Strategic realignment: Exploiting the opportunities afforded by a prompt “restart”
There will only be a short-term lapse in many companies’ willingness to invest resulting from the coronavirus crisis. In the medium to long term, market experts expect both M&A activities around C.A.S.E. deals and strategic partnerships for electric vehicles to increase. Given the vastly accelerated shift caused by the COVID-19 pandemic, many automotive suppliers are being forced to actively shape and secure their restart now. That requires taking a host of measures:
- securing the company’s medium- to long-term financing,
- strategic realignment,
- modifying personnel and cost structures,
- closing competency gaps,
- separating business areas, and
- acquiring companies and making (strategic) investments.

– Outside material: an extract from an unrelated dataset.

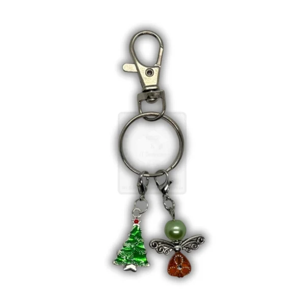 Schlüsselanhänger mit Weihnachtsbaum & Schutzengel – Handgefertigter Weihnachtsanhänger

From a legal perspective, owners and management alike are advised to take action without delay. The sooner they do, the greater the legal certainty with which transactions, restructuring, or reorganisation can be conducted – for example, the separation of “old”, at-risk business areas and innovative, promising business areas. That applies all the more now that the government has established a number of temporary arrangements in the COVID-19 Insolvency Suspension Act that, for example, can be used to separate business areas (carve out and M&A transactions) so as to protect (ring-fence) the transaction and the companies involved in the worst-case scenario – the subsequent insolvency of the company.

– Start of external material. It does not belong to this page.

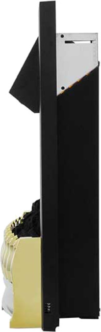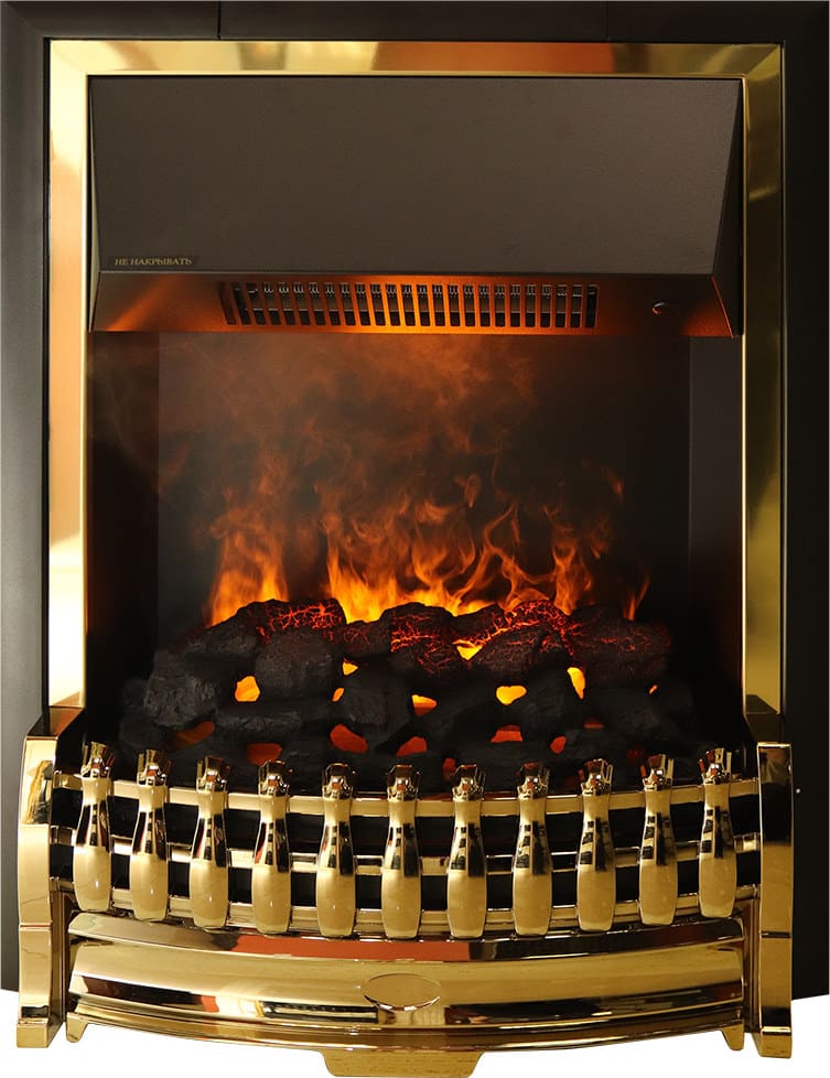 Корпус изделия окрашен в черный цвет с элементами декора под золото. Классические поленья заменены на угли с имитацией тления.

Keeping compliant through the coronavirus crisis – with an eye on the future
Companies in the automotive (supply) industry – companies that are already affected by shifts in that industry – now face additional challenges due to the COVID-19 pandemic. But by ensuring their coronavirus crisis compliance is sufficient, they can avoid the current liability risks. Even so, it is essential to both secure the financing to allow the company to remain a going concern and to pursue strategic realignment – including appropriate restructuring, reorganisation, and transactions. Owners and management can’t afford to wait too long, but rather should take swift, decisive action to ensure their business is equipped to stand the test of time.